Ho incontrato Graham Hancock a Malta nel dicembre 2001. Ero con Robert Bauval ed Anton Mifsud nella hall di un elegante albergo dell'isola. Il colloquio è stato cordiale e fitto lo scambio di informazioni. Gli chiesi ragguagli sulle scoperte in India, annunciate nel marzo 2001, e mi rispose: "Presto ne saprai di più. Quando sarà il momento telefonami e te ne parlerò". Oggi, dopo la notizia della datazione delle città sommerse, il momento è giunto. Nessuno meglio di lui poteva fornirmi informazioni precise su questa recente scoperta e sulle polemiche che attualmente stanno nascendo intorno al suo nuovo libro, "Underworld", appena uscito nei paesi di lingua inglese.



A.F. Dunque, Graham, in Inghilterra il tuo nuovo libro "Underworld" è uscito quasi in contemporanea con l'omonimo documentario che hai girato per Channel 4. Quali aspettative hai da questo tuo nuovo lavoro, che ti ha visto impegnato negli ultimi anni?

G.H. Aspettative in termini di reazioni del pubblico?

A.F. Sì, ma, soprattutto, in termini di reazioni dell'ambiente archeologico accademico.

G.H. Con questo libro spero di ottenere una risposta più razionale e ragionevole da parte degli accademici, rispetto al passato. Il libro è comunque un attacco contro l'archeologia "ortodossa" e sottolinea molti dei suoi probabili fallimenti, ad esempio a Malta, ma questa volta ho cercato di basare molto più solidamente i contenuti del libro su prove archeologiche accertate. Insomma, ho cercato di fare delle dichiarazioni molto radicali ma supportate da prove archeologiche irrefutabili. Credo che, questa volta, nel libro ci saranno molte affermazioni su cui gli archeologi troveranno difficile essere in disaccordo: almeno è quello che spero. Spero anche che, con le mie ricerche, riuscirò a far prendere seriamente in considerazione il fatto che, alla fine dell'ultima Era Glaciale, 25 milioni di chilometri quadrati di territorio furono inondati: un evento che non è mai stato adeguatamente studiato dagli archeologi. E quest'area assente dalla storia dell'umanità è troppo vasta perché si possa affermare di avere in nostro possesso tutti gli elementi della vicenda.
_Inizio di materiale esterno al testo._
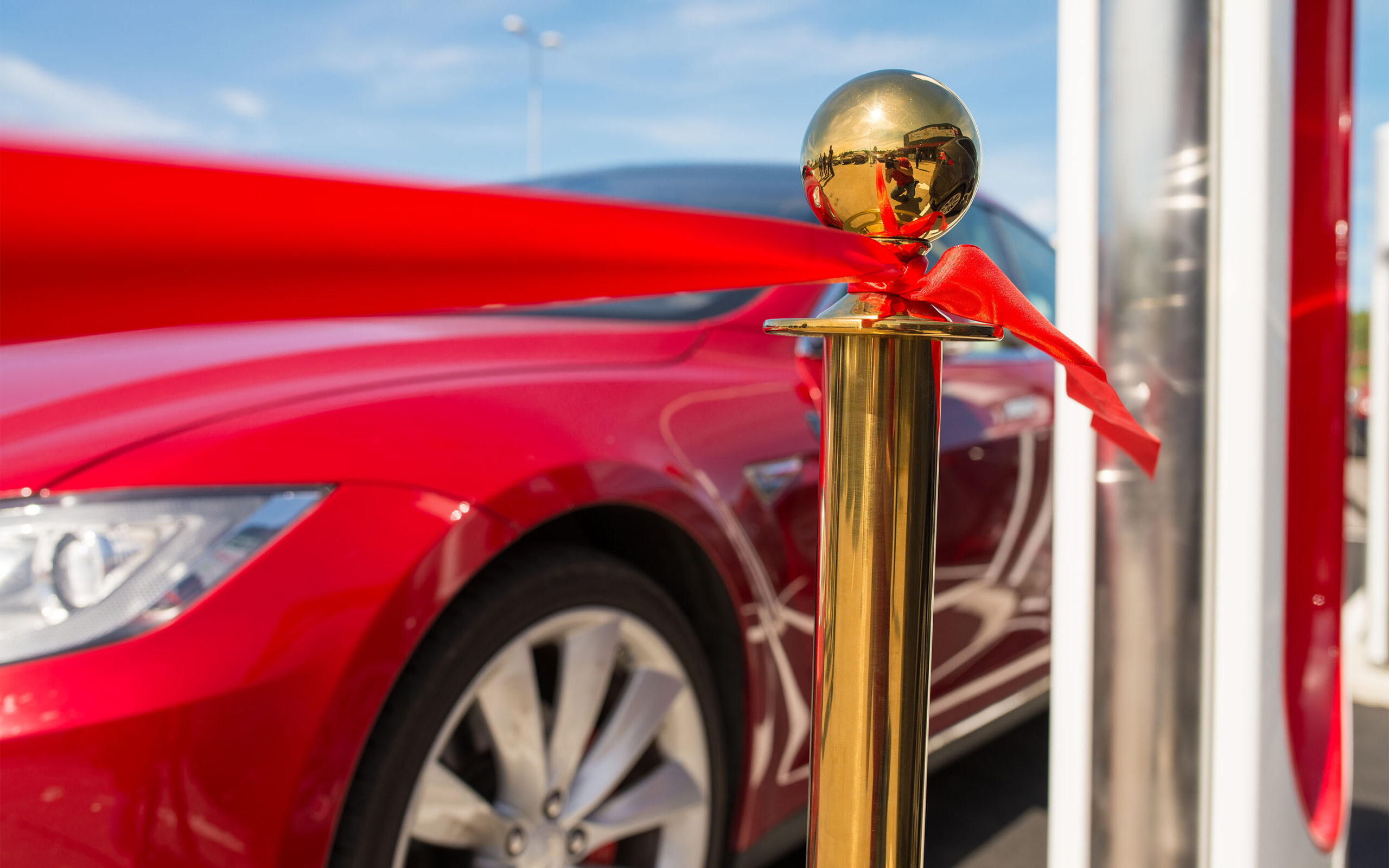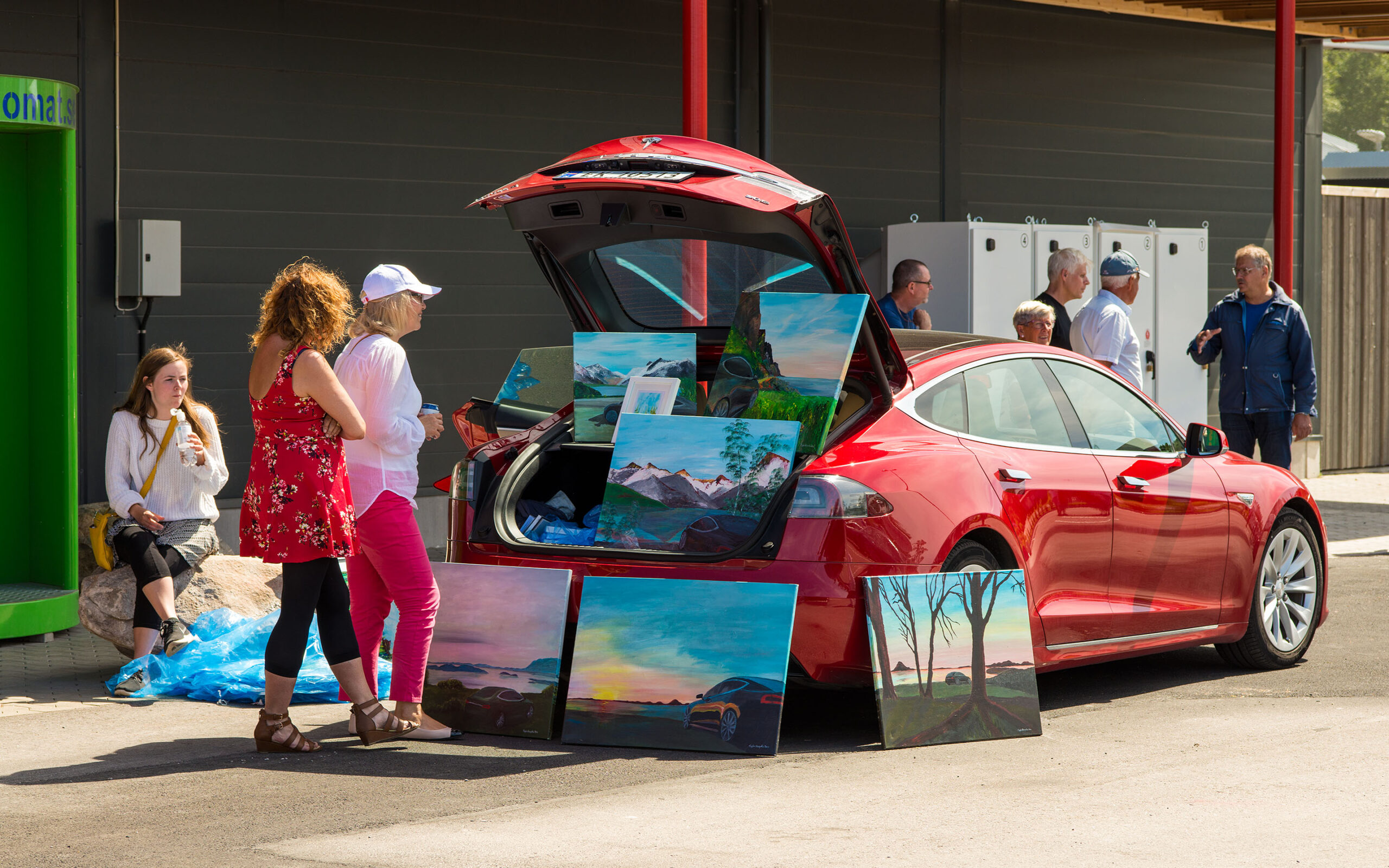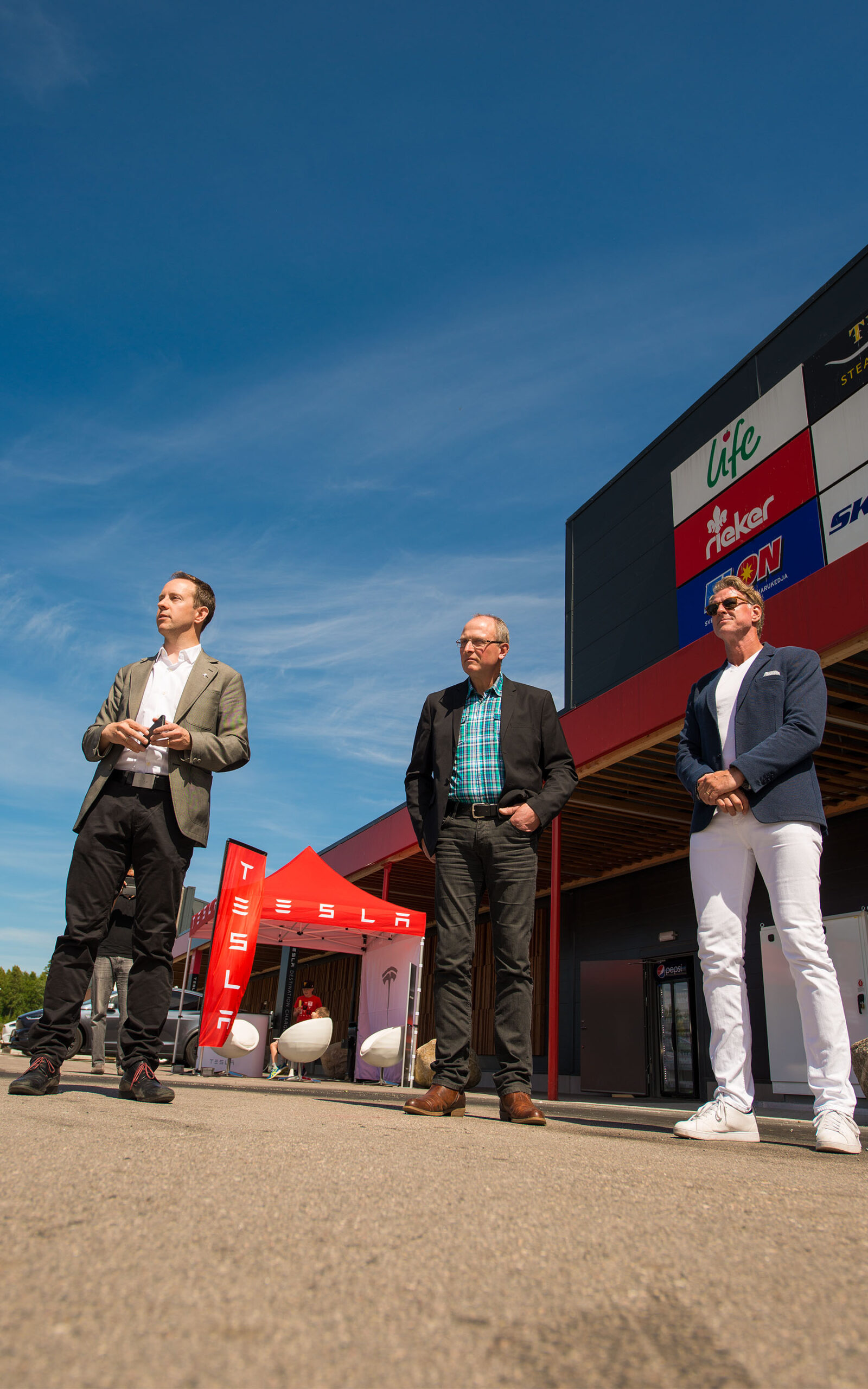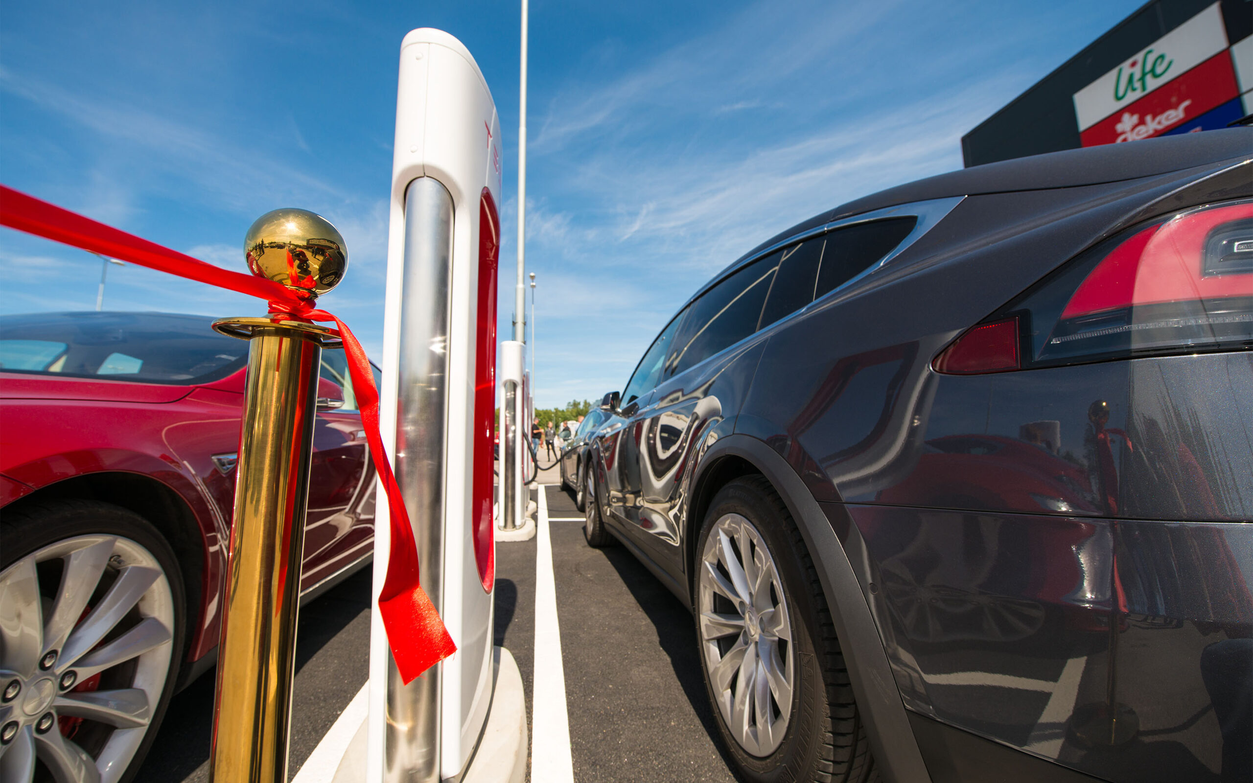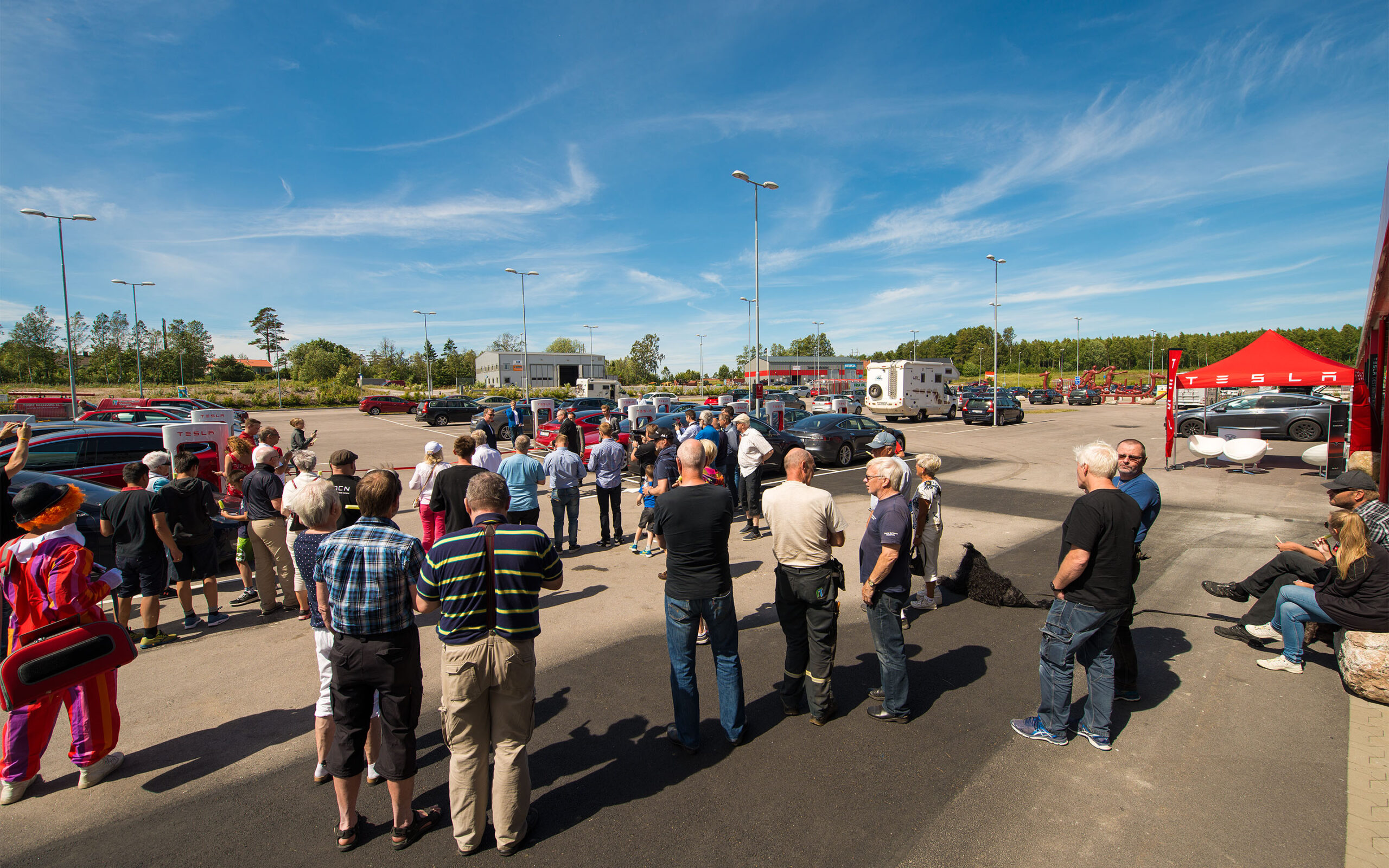 Sju teslaer suste sammen fra Norge på en solrik fredag siste dagen i juni. Sveriges aller største Supercharger skulle åpnes med høytidelighet.

A.F. Quali sono stati gli ultimi sviluppi, dopo il tuo annuncio circa il ritrovamento delle due città sommerse in India e la loro datazione al radiocarbonio?
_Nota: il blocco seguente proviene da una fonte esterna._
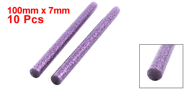 10 Pcs 7mm Dia Dark Purple Glitter Hot Melt Glue Adhesive Stick 100mm Length
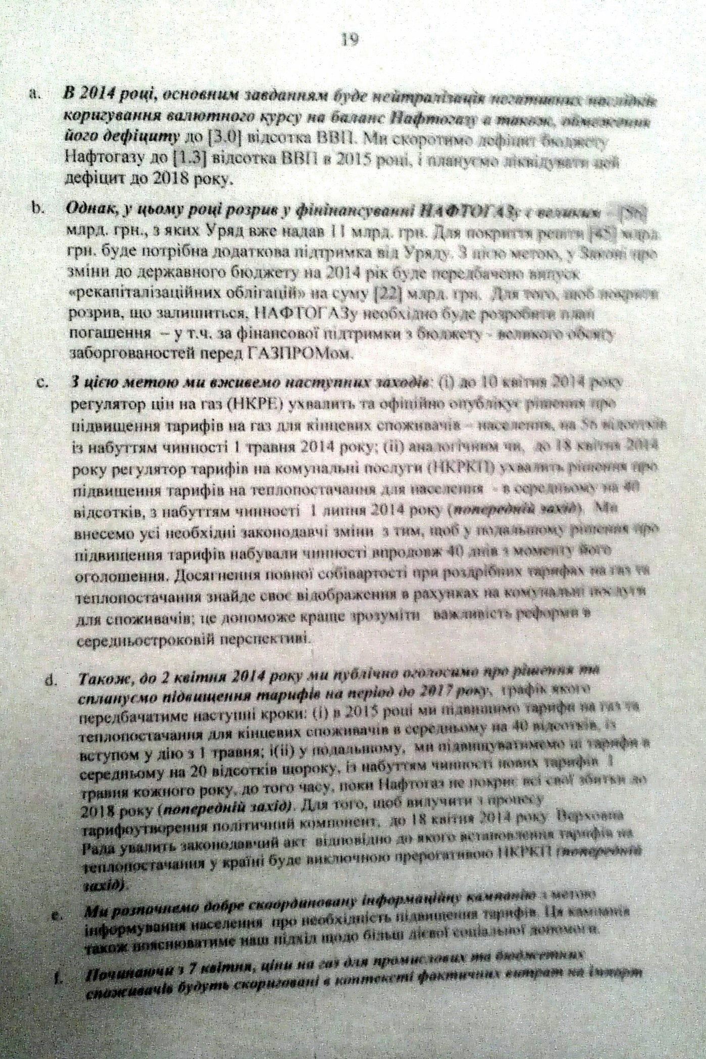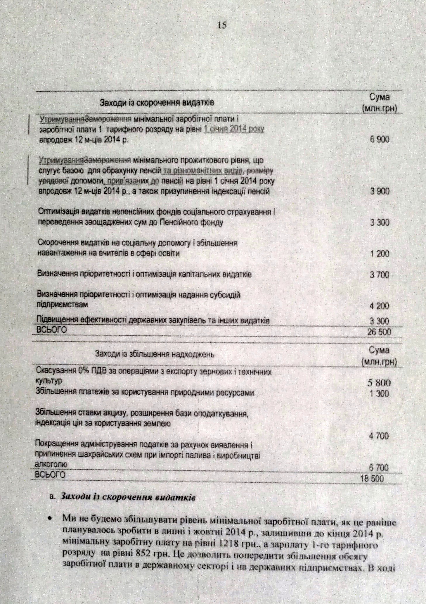 Настоящий документ, в котором подробно прописаны первые (уже осуществленные) шаги нового правительства, а также его дальнейшие намерения, определяет генеральную экономическую линию властей Украины в 2014–2016 годах.

G.H. Ho notato che gli accademici hanno reagito con un atteggiamento di cautela: ovviamente devono tenere conto dell'annuncio reso dal governo indiano ma, chiaramente, non vogliono credere all'esistenza di città così antiche sul fondo del mare. Quindi, tutto ciò ha causato loro un certo grado di conflitto e difficoltà. Credo, comunque, che la richiesta più pressante sia stata quella di compiere maggiori ricerche sull'argomento: ricerche indubbiamente necessarie e spero che, nei prossimi sei mesi, riuscirò ad organizzare delle immersioni nei siti delle due città, in collaborazione con il team indiano del NIOT (National Institute of Ocean Technology). Nel frattempo, è importante sottolineare l'esistenza di un altro sito, nel sud-est dell'India, che riveste un ruolo primario nel mio libro. Si chiama Poompuhar e ci tornerò nel mese di marzo con una spedizione internazionale, britannica e indiana, per esplorarlo accuratamente. Mi sono già immerso alcune volte, in quel sito, l'ho descritto nel libro ed è stato filmato nel documentario: si tratta di una struttura molto grande, a forma di U con l'apertura rivolta verso nord, e venne sommersa circa 11.000 anni fa.
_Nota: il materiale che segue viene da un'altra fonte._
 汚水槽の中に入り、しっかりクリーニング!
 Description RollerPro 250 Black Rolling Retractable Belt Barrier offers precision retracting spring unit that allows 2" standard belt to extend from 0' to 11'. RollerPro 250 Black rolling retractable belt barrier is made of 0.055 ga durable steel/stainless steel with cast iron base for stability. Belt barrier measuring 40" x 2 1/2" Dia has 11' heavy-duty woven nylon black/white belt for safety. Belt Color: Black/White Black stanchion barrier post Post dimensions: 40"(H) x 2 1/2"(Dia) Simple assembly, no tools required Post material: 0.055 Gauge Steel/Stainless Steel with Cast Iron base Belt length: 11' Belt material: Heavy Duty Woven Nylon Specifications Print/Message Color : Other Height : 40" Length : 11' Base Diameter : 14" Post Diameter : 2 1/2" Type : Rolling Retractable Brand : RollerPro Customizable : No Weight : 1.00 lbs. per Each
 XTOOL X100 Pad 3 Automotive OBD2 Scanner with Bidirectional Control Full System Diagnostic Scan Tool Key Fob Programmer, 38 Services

A.F. Non è ancora stata studiata?

G.H. Io l'ho esplorata, ma solo con un limitato numero di immersioni e anche l'Istituto Nazionale Indiano di Oceanografia l'ha esaminata ma anche loro hanno potuto effettuare solo poche immersioni perché non hanno fondi sufficienti per svolgere delle ricerche adeguate. Adesso abbiamo raccolto i fondi necessari per finanziare una spedizione internazionale ed effettueremo tre settimane di ricerche nel sito, perché non si tratta di una singola struttura, intorno a quella principale ve ne sono altre 27 individuate con il sonar a scansione, quindi si tratta di un intero complesso di edifici. La geologia del luogo, poi, indica molto chiaramente il periodo in cui fu sommerso, 11.000 anni fa o forse ancora prima.

A.F. Molto interessante, quindi le affermazioni dei geologi contrastano con quelle degli archeologi?

G.H. Sì, effettivamente è così. Vedi, il punto su cui tutti devono trovarsi d'accordo è la questione dell'innalzamento del livello dei mari alla fine dell'Era Glaciale. La scienza è molto chiara su questo argomento, con prove fondate ed ampiamente dimostrate, e nessuno nega che, a quel tempo, andò persa un'enorme estensione di terre emerse. Ma gli studiosi non hanno considerato quanto fossero nevralgiche, durante l'Era Glaciale, quelle aree di territorio, perché si trovavano vicino alla costa, spesso in zone riparate e dal clima più mite, dove sicuramente la gente aveva cercato rifugio dal clima glaciale delle zone più settentrionali.
Credo che, per l'archeologia, questo sia un vero punto cieco: molte delle teorie finora enunciate sull'origine della civiltà sono state sviluppate tenendo conto dei mutamenti climatici e di altri aspetti della fine dell'Era Glaciale, ma nessuno ha mai preso in considerazione il fatto che potrebbe esserci stata un'antecedente evoluzione dell'agricoltura e degli insediamenti urbani, in quei territori poi sommersi dalle acque. Così come nessuno ha mai considerato che, probabilmente, non è un caso se quelli che oggi interpretiamo come i primi segni di civiltà presenti nei reperti archeologici, apparvero proprio nello stesso periodo in cui avvenne quest'enorme inondazione e che, forse, sono opera dei sopravvissuti al diluvio.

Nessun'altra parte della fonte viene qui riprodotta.